BIPV ou quand la toiture et la façade deviennent productrices d’électricité
En tant que solutions qui permettent de réduire l’empreinte carbone des bâtiments, les panneaux photovoltaïques intégrés ou appliqués au bâtiment s’intègrent parfaitement dans la stratégie nationale de décarbonation visant la neutralité carbone d’ici 2050. Entrevue avec Bruno Renders, co-président du Conseil National pour la Construction Durable.
« Quand on parle de l’impact carbone d’un bâtiment, on se focalise souvent sur les émissions opérationnelles liées à l’énergie et à l’eau consommées lors de son utilisation. Pourtant, 60% de l’impact carbone sont dus aux émissions incorporées qui comprennent l’énergie grise liée à l’extraction des matières premières, à la fabrication des matériaux, à leur acheminement et à leur mise en œuvre. C’est donc sur les deux plans qu’il faut agir, et sur ce dernier point avant tout », indique Bruno Renders, co-président du Conseil National pour la Construction Durable (CNCD) en charge de l’élaboration d’une feuille de route construction bas carbone pour le Luxembourg.
« Pour le faire, il existe plusieurs solutions, qui peuvent être combinées.

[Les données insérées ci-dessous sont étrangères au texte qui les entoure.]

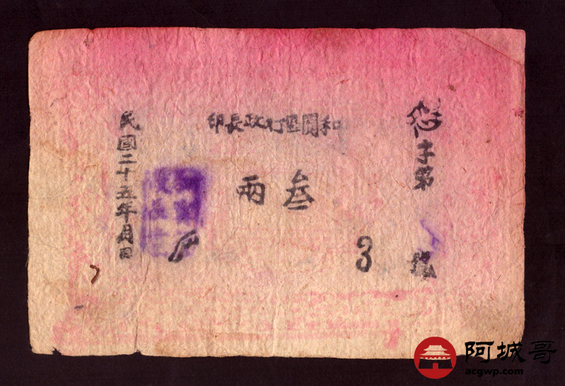 Lot:7 民国二十五年 和田区行政长印 叁两 好品少见
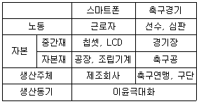 다음 휴대폰과 축구경기를 생산하는 과정을 비교하는 표에서 틀리게 분류한 것은?
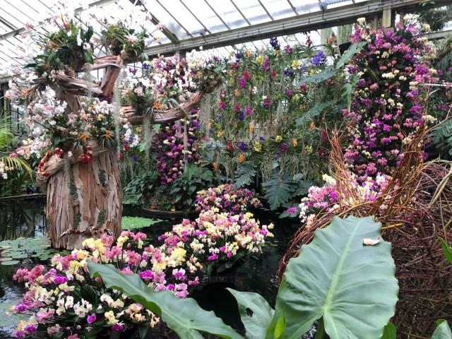 I don’t think Ive ever seen so many moth orchids – Phalaenopsis– in one place in life – not even the Orchid Garden in Singapore which is also an assault on the senses especially the eyes. Those at Kew have been bought in en masse from Dutch growers.
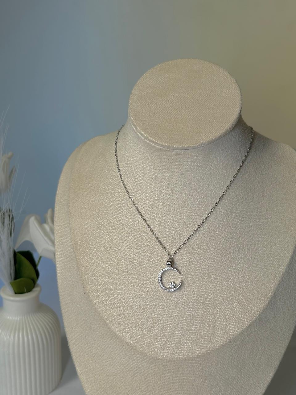 Capture the magic of the night sky with this stunning moon and star pendant, delicately embellished with shimmering crystals for a touch of celestial elegance. Crafted from premium, durable stainless steel, this tarnish-resistant necklace is designed to maintain its brilliant silver shine through every adventure. The 45 cm chain includes a 5 cm extension, ensuring a perfect, adjustable fit for any neckline or layering style.

On peut, par exemple, envisager de réduire les masses - donc les épaisseurs – de matériaux ou encore d’utiliser des matériaux biosourcés, décarbonés ou à empreinte carbone réduite pour construire les bâtiments. Mais seul le BIPV - acronyme de Building Integrated Photovoltaics ou photovoltaïque intégré au bâtiment - permet de réduire les besoins en énergie d’un côté et de produire de l’électricité verte de l’autre ».
Des façades et toitures actives
Il s’agit, en l’occurrence, de concevoir et de réaliser des bâtiments – et, plus spécifiquement, de travailler sur leur enveloppe - avec une approche holistique et multifonctionnelle.
« Je défends le concept des fonctions nobles des bâtiments qui vise à utiliser les matériaux de construction et les bâtiments en promouvant plusieurs fonctions, si possible actives et circulaires. Le BIPV en est un bel exemple. »
Bruno Renders, co-président du Conseil National pour la Construction Durable (CNCD)
Concrètement, il s’agit de remplacer les éléments de façades, toitures ou menuiseries traditionnels par des modules qui remplissent les mêmes fonctions architecturales et techniques, mais sont dotés en plus de cellules solaires. « Au CNCD, nous nous intéressons au BIPV parce qu’il couvre à la fois le volet émissions incorporées et le volet émissions opérationnelles », explique-t-il. « Un panneau de façade combine aujourd’hui une fonction esthétique et une fonction mécanique de protection. Le BIPV y ajoute la production d’électricité. Il permet donc de réduire l’empreinte carbone du bâtiment à plusieurs titres : d’abord en produisant de l’énergie renouvelable, ensuite en cumulant plusieurs fonctions et en limitant le nombre de couches qui constituent l’enveloppe, ce qui est une manière d’optimiser le volume des matériaux mis en œuvre ».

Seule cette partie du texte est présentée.